The 9 Emotional Phases of Rehab
"Emotions are temporary states of mind, don't let them permanently destroy you," - Unknown
The 9 Emotional Phases of Going to Rehab
Going to rehab is an emotional experience. Fortunately, most of us have the same emotional roller coaster ride. Whether you're curious about how you will feel during rehab, or you want to remember how you felt when attending rehab, this blog post is for you. Join us in laughing at ourselves. Because, what is sobriety if we can't laugh at ourselves?
Phase 1: Pure Intoxication
Upon arrival, most of us cause a ruckus.
We can't walk in a straight line and we find general communication to be a struggle; that is, permitting we are conscious.
We may even find it difficult to remember the intake process.
Phase 2: What did I just get myself into?
When we come-to in a strange bed, this time feels a little different than normal.
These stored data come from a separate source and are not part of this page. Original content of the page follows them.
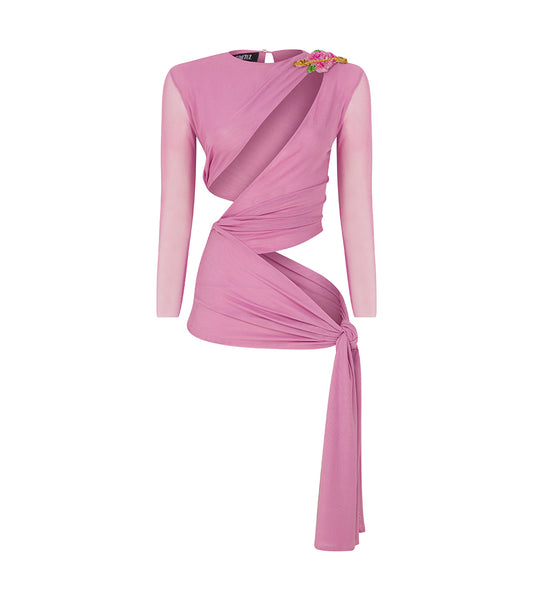 TOP WITH CUTOUTS & HANDMADE FLOWER ACCESSORY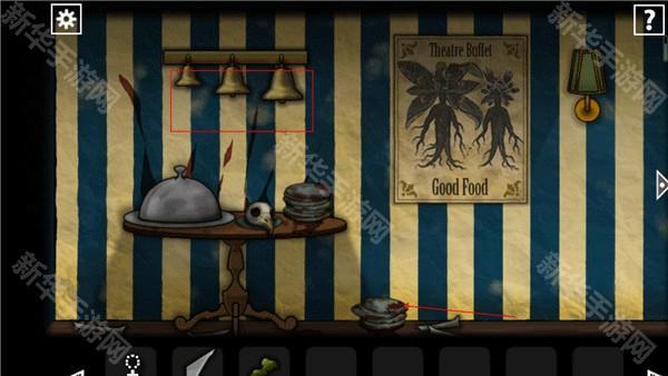 返回到之前通过铃铛拿到眼球的地方,在这里如图点击213122,接下来就可以在下面的餐盘当中拿到脑子。
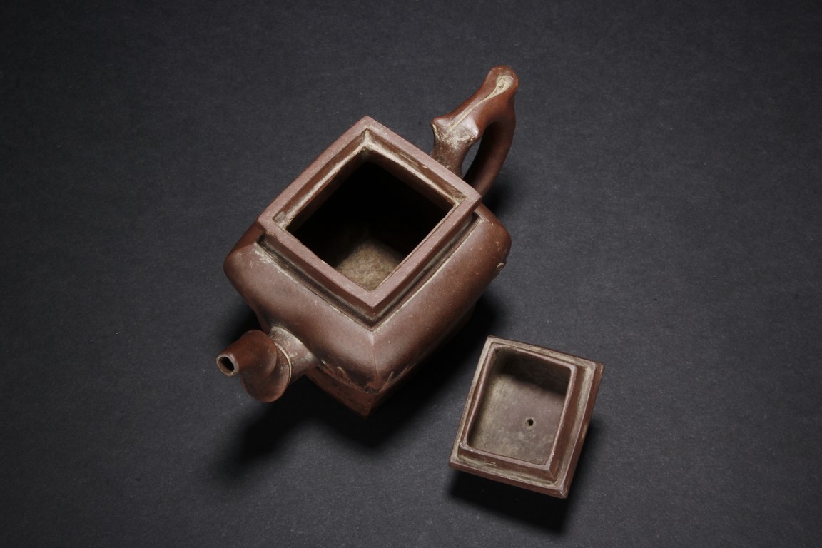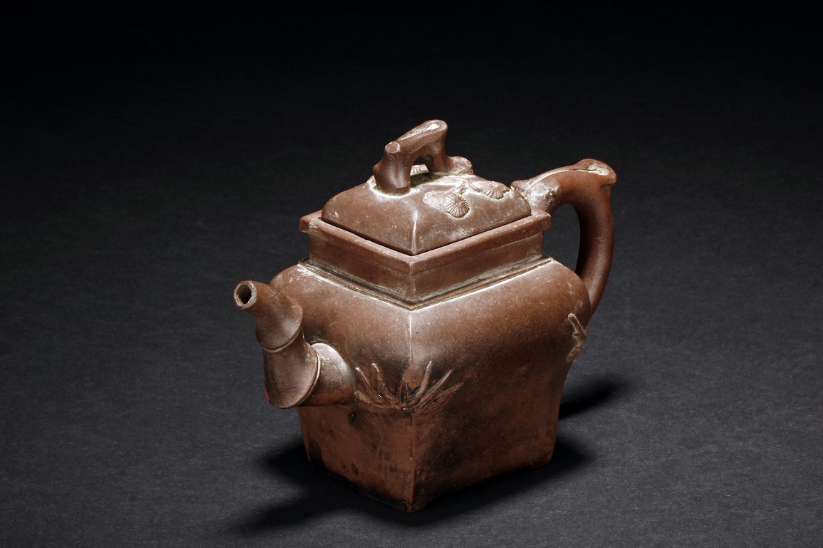 Finely modelled in square form, with bamboo shape spout, pine tree branch shape handle. Some pine needles are interspersed on the body and cover.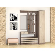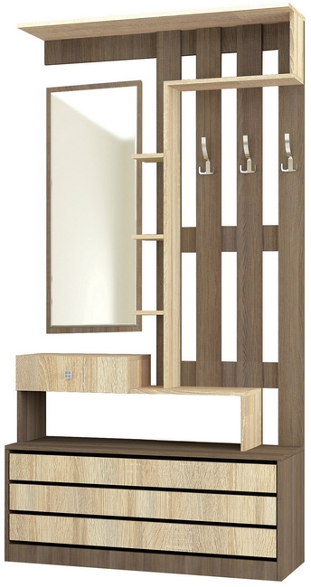 Технические характеристики: Модуль состоит из тумбы, вешалки для верхней одежды, полки для головных уборов, стеллажа и зеркала. Вешалка с тремя крючками. Поставляется в разобранном виде.
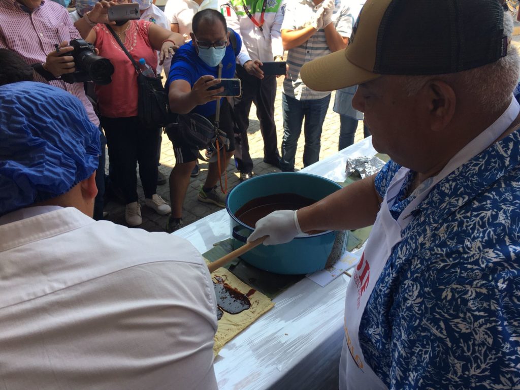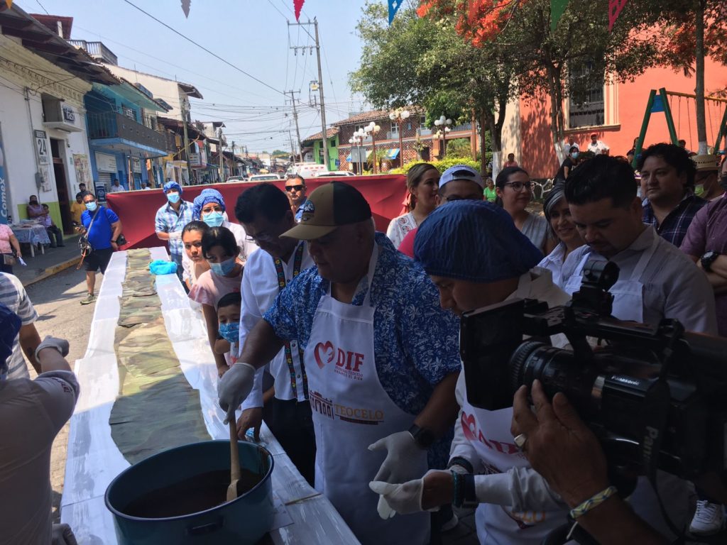 Teocelo, Ver.- Este domingo, el secretario de Gobierno Eric Cisneros Burgos encabezó la elaboración de la «Enmolada más grande del Mundo», con un tamaño aproximado de entre 100 a 120 metros de largo; esto como parte de las actividades del Primer Festival de la Miel y el Mole 2022 en este municipio.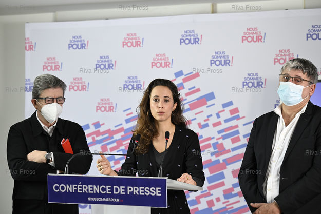 Légende : La France Insoumise lance un Comparateur de programmes pour l'élection présidentielle. En présence de Jean-Luc Mélenchon, candidat à l'élection présidentielle 2022, Clémence Guetté, co-responsable du programme présidentiel, Eric Coquerel, député de Seine-Saint-Denis /// La France Insoumise launches a program comparator for the presidential election. With Jean-Luc Mélenchon, candidate for the 2022 presidential election, Clémence Guetté, co-head of the presidential program, Eric Coquerel, MP of Seine-Saint-Denis - Paris - 17/02/2021 - Photo © Lionel Préau +33 (0)6 68 12 83 77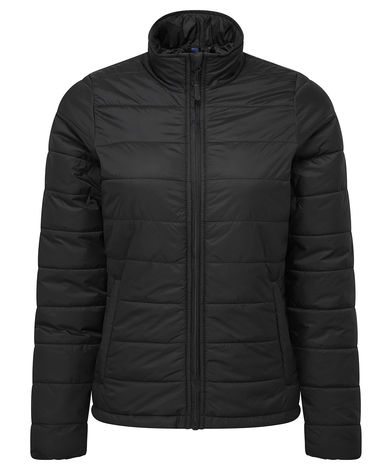 Specification - Womens padded zip-through jacket with horizontal stitching to form baffles, ensuring an even distribution of insulation. Covered zip with chin guard and zip guard to the inner. Styled with a cadet collar. Two welt jet zipped side pockets with a single open pocket to the inner for handy storage. Elasticated cuffs measuring one inch wide. Full embroidery access to the entire jacket through an internal zip in the lining. Lightweight and folds downs easily into its own stuff sack. Made with 100% certified recycled fabrics..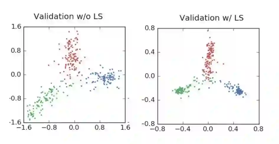 你可以看到的,标签平滑强制对分类进行更紧密的分组,同时强制在聚类之间进行更等距的间隔。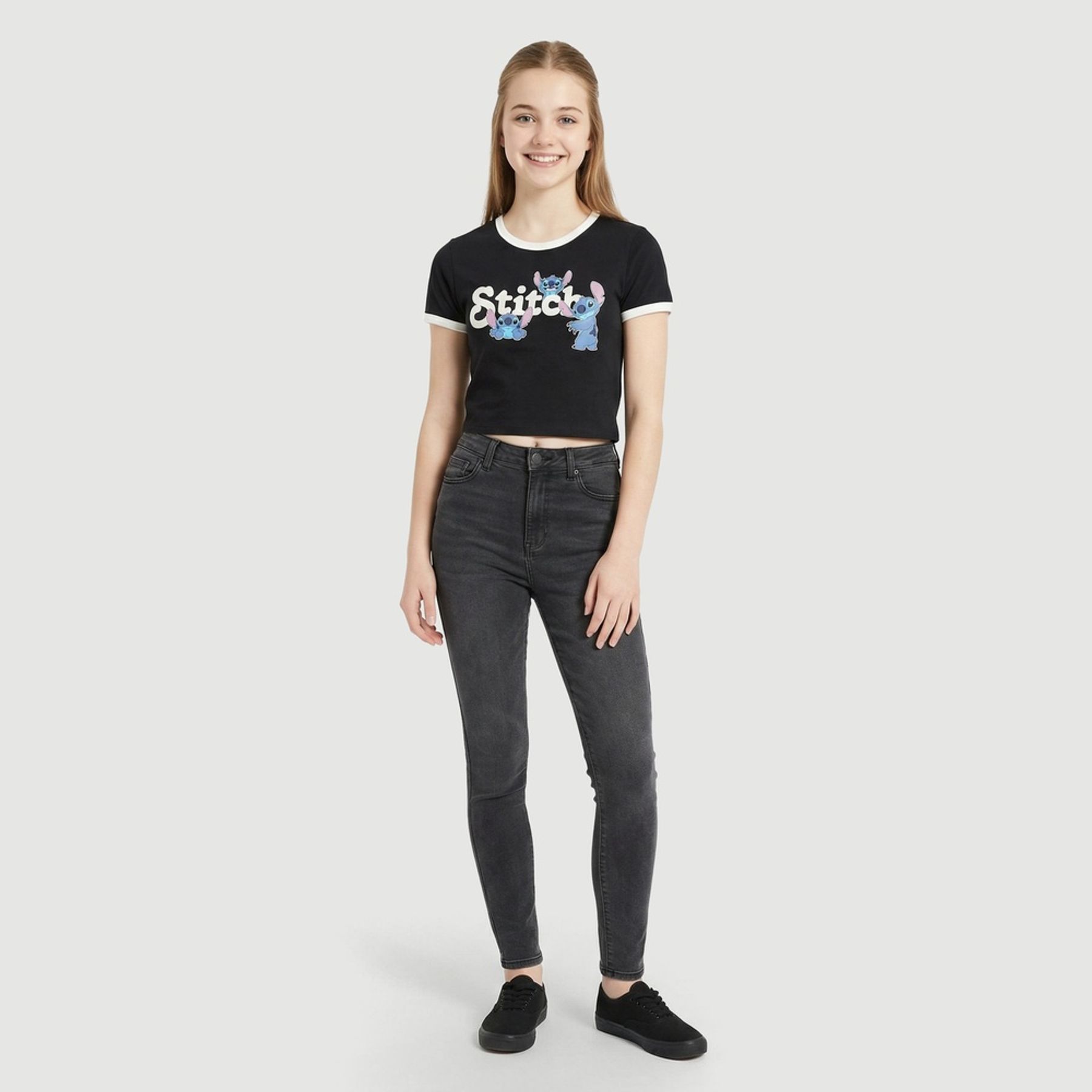Economia de R$ 4,00Blusa feminina Disney licenciada Lilo & Stitch, confeccionada em malha 100% algodão. A modelagem cropped com manga curta e gola redonda tem acabamento contrastante branco na gola e nas barras das mangas, destacando a peça na cor preta.

We glance down at the sheets and they are soaked with what we imagine is sweat... or pee.
We can't quite remember where we are, but we have a vague idea that we won't be happy when we find out.
As we make the way down the hall, we are met with a happy gentleman/gentlewoman who is dawning a collared shirt with a logo on it.
We think to ourselves: "That's right. I'm in rehab! Oh God. Oh God. This is awful. I'll be stuck here forever. I'm thirsty. I'm going to be sick. Oh God."
Phase 3: This is horrible. I hate my life.
We can barely get out of our detox bed. Our whole body aches as we realize that we still have 4 more days of detoxification.
"The last thing I want to do is go to rehab today and hear a bunch of counselors tell me that I have a problem with alcohol and drugs. I can't even imagine having to talk to people today. I hate my life."
Phase 4: Okay, that kind of made sense... But I still hate it here.
We're sitting in gender group with a few smiling faces and a sprinkle of miserable-looking people.
"This is awful, I can't even believe this is my reality," we think to ourselves.
Then, the therapist running the group spits pure genius.
Woah, that was pretty intense. I see what he/she is saying... That makes sense. Maybe this isn't so bad?
No, it's still pretty bad. But, that makes sense.
Phase 5: Why can't I stop crying? What is wrong with me?
"I can't stop crying," we say through sobs and snot.
"I was so horrible to everyone in my life! How am I even lovable? What am I going to do to make amends to these people? Will they even want to talk to me?" we sob to our therapist.
4 hours later...
"I'm still crying. Why am I still crying? I just can't stop feeling," we tell the guy/girl to the left of us in the rehab van.
"It's OK. I did the exact same thing," he/she responds.
Phase 6: I'm so excited for art therapy this week! I wonder what the assignment will be?
Art therapy! The best form of therapy.
"I wonder what craft we will be doing this week? Maybe Mod Podge? I love that stuff. Or, maybe we'll paint coffee mugs? I can't handle this anticipation."
We are counting down the cigarettes until we can add some glitter to something!
Phase 7: My housemates are awesome. They're totally my buddies.
"My house mates are the best! I don't know how I have lived my life without them! We are going to be best friends until the day we die. Road dawgs 4 lyfe!" we rage to our therapist.
That girl/guy we hated when we first got to treatment? They're now our BFFL. We feel like we've known them for our whole life.
Phase 8: I can't stop smiling... What is wrong with me?
"Why am I so happy? I don't think I've ever been this happy in my entire life! I keep hearing people say 'pink cloud,' is this what they're talking about?"
We laugh at the silly sobriety jokes our housemates make, we laugh so hard we actually pee our pants and have to wash off in the bathroom, and our face hurts from smiling all day long.
"I can't even remember the last time I've smiled this much!"
Phase 9: I LOVE BEING SOBER.
I love sobriety.
I love my housemates.
I can't believe I've lived my whole life loaded.
I want to stay sober forever.
I will now go tell everyone in the world how much better sobriety is than drugs and alcohol.